# The Ultimate fantasy challenge



## JHG (Mar 22, 2022)

Want a self-imposed challenge on a Pokémon game but don't want these: https://tvtropes.org/pmwiki/pmwiki.php/S...ge/Pokemon
Then here's the Ultimate fantasy challenge!
Rules:
-Three factions to choose: The Dark Lords(Evil), the Alliance for Democracy(Good), and Forces of Nature(Non-aligned)
-Certain types are restricted to certain factions: Alliance has Fairy, Fighting, and Psychic. Dark Lords has Poison, Dark, and Ghost. Nature has Grass, Bug, Rock, Ground, and Ice. Normal, Flying and Electric are all fair game. Both the Alliance and Dark Lords can use Dragon and Steel.
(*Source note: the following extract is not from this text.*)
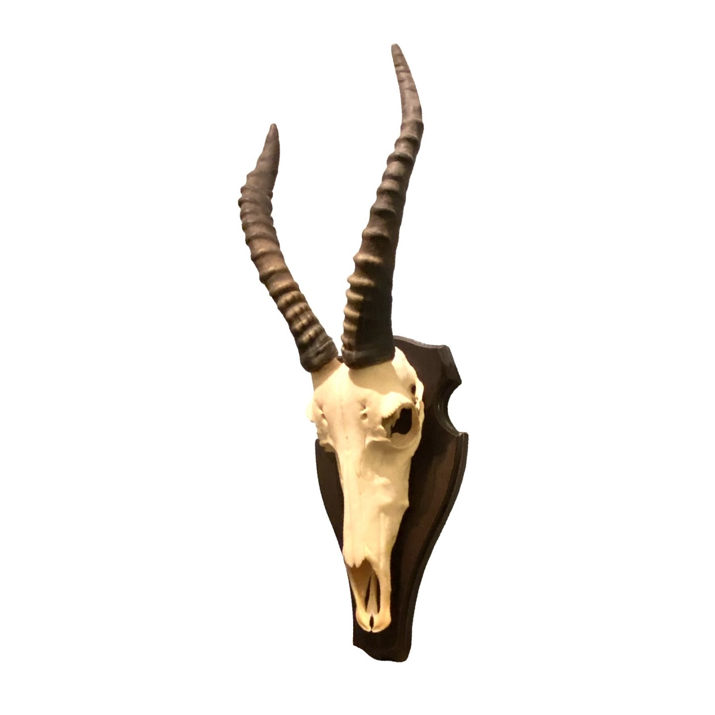 Beskrivelse: Jagttrofæ af Gazelle monteret på plade.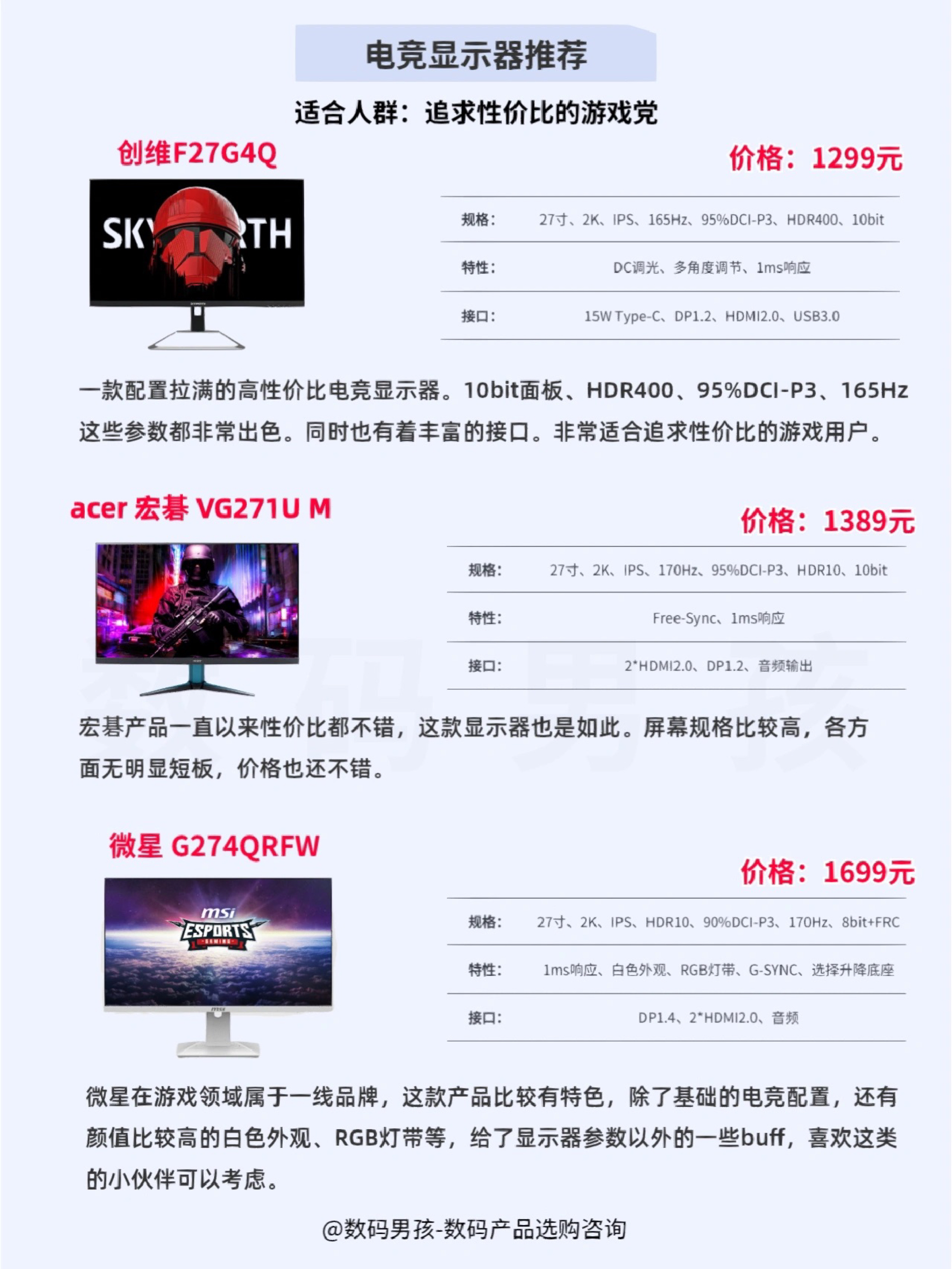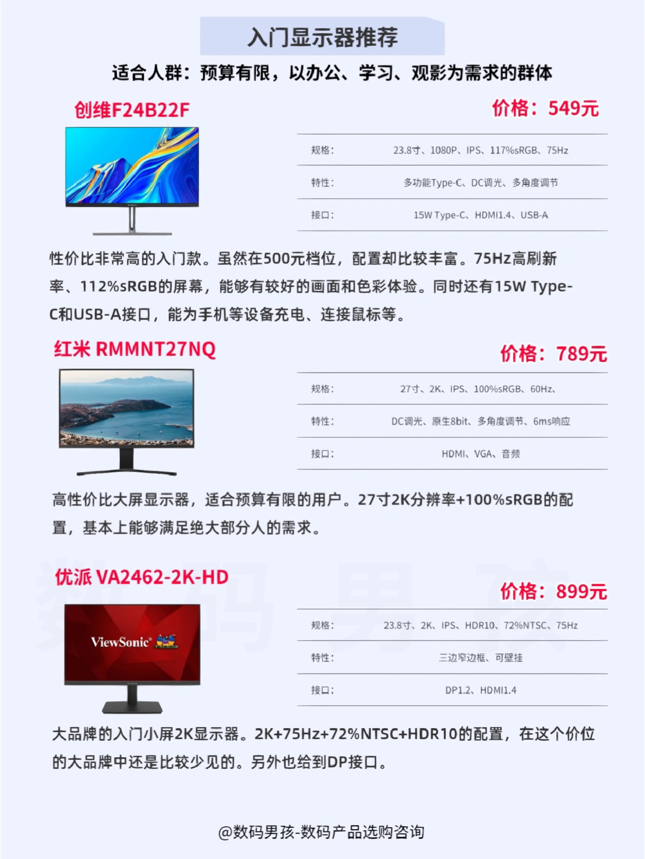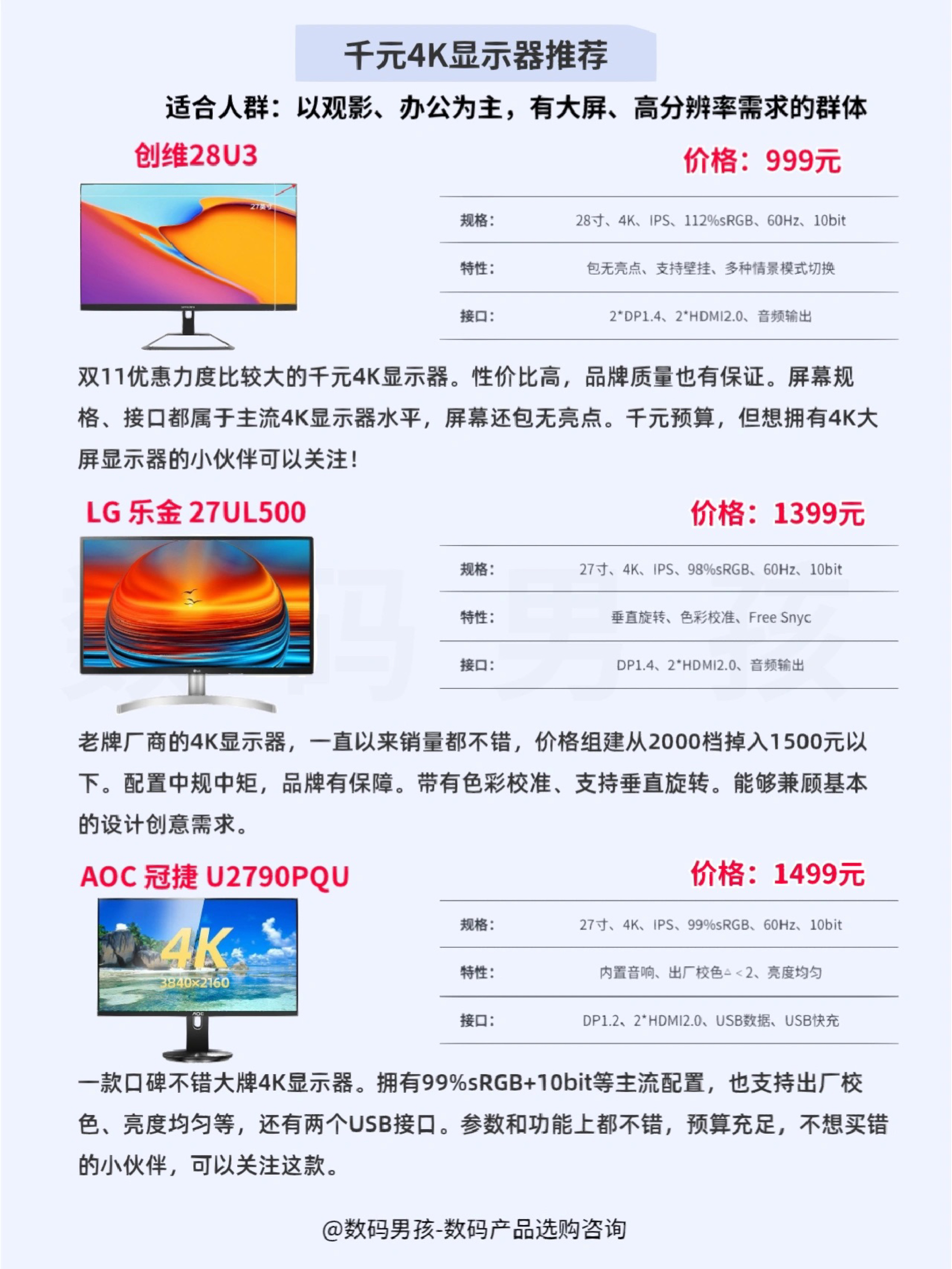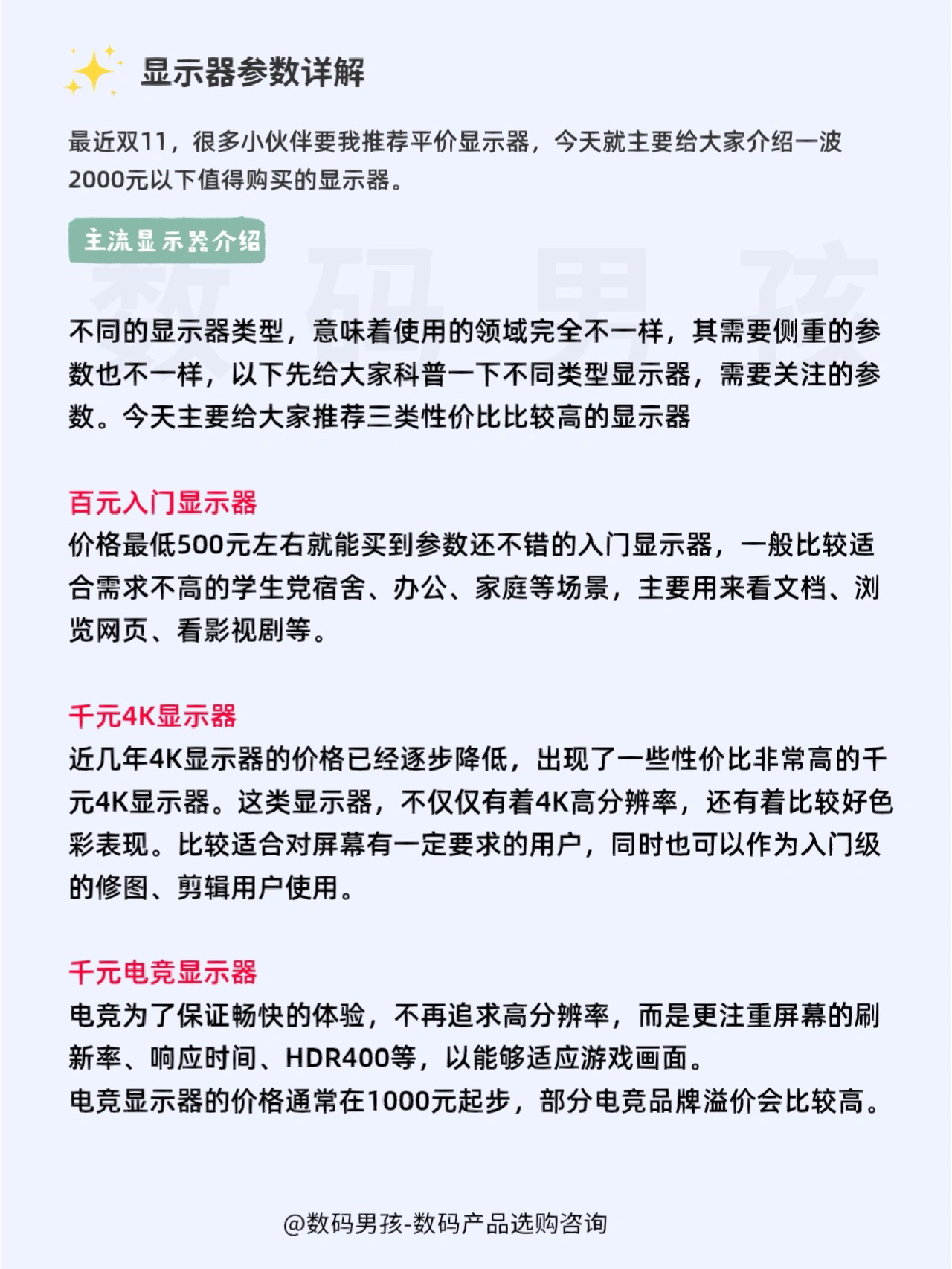 大家好这里数码男孩晨暮,一个10年数码控,之前给大家推荐了一期显示器,现在双十一到了,很多小伙伴希望我多推荐平价的、高性价比显示器,今天就给大家整理了2000元以下值得购买的显示器产品。 -- 一、显示器的类型用途 百元入门显示器 价格最低500元左右就能买到参数还不错的入门显示器,一般比较适合需求不高的学生党宿舍、办公、家庭等场景,主要用来看文档、浏览网页、看影视剧等。 千元4K显示器 近几...

Dark Lords and Nature get Fire. Alliance and Nature both get Water.
-Dual-type Pokémon are shared custody depending on their dual typing i.e. Delphox can fight for Neutrality, Evil, or Good thanks to the Fire/Psychic typing.
-This challenge only works for Generation VI onwards; The Fairy type is needed for the Good faction.
-Alliance gets Return but Frustration is banned, Dark Lords get Frustration but not Return, and Nature gets to use neither. If neither Return nor Frustration is available, overcompensate by having differences in the dialogue so Good gets to be friendly, Evil gets to be spiteful, and Neutral is both at once.
-Regarding nicknames, they are optional for Nature but must have some nature based theme. The Alliance nicknames are taken after various fictional heroes and in the case of anti-heroes and anti-villains, consider them as 'wiping the red from the ledger.' Dark Lord nicknames are likewise shared with villains.


----------